Antoine-François Peyre (5 April 1739, in Paris – 7 February 1823, in Paris) was a French architect; the younger brother of Marie-Joseph Peyre, and the uncle of Antoine-Marie Peyre.

== Biography ==
He won the Grand prix de l'Académie (later, the Prix de Rome) in 1762, eleven years after his brother, and went to stay at the Académie de France à Rome in 1766. There, he became close friends with a colleague, Antoine Joseph de Bourge, and married his sister, Sophie.

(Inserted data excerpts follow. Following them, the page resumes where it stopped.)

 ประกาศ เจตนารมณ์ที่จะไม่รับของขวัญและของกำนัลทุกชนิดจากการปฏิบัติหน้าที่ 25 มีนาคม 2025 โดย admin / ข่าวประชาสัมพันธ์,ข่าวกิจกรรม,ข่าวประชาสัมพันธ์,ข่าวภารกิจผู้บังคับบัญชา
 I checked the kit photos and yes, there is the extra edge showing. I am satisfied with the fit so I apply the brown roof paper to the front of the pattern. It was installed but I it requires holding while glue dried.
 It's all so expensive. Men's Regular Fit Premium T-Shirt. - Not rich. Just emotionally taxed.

Upon his return, he was named an architect of the King's Buildings at Fontainebleau and Saint-Germain-en-Laye, where he created two convent chapels. In 1777, he was sent to Trier, to help Prince Clemens Wenceslaus of Saxony complete his Château in Koblenz. That same year, he entered the Académie Royale d'Architecture and later became a teacher there. His students included Charles Percier, Pierre-François-Léonard Fontaine, Antoine Vaudoyer and Louis-Pierre Baltard.

In the 1780s, he completed the chapel at the charity hospital in Saint-Germain-en-Laye (since destroyed), the Pavillon d'Angoulême, for Louis-Charles Guy, secretary to the Comte d'Artois (only the rotunda remains), and the chapel at the City Hall in Soissons.

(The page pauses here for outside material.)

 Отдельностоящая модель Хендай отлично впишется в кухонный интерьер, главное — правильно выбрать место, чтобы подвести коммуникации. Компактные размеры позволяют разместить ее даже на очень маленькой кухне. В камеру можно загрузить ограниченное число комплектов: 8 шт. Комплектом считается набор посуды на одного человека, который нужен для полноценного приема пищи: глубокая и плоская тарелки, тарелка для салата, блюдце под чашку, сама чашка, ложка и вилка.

His work for the Royal Family led him to be persecuted in the early stages of the French Revolution. He retired to the château de Fontainebleau, and was effectively a prisoner there during the Reign of Terror.

In 1795, he was elected to the Académie des Beaux-Arts; becoming the first to occupy Seat #2 for architecture. He remained active as an architect through 1812. His well-known projects included creating a new wing for the Château d'Écouen, to replace one that had been demolished to provide a better view (1802-1807), and interior remodeling at the Palais de la Légion d'honneur (1804-1812).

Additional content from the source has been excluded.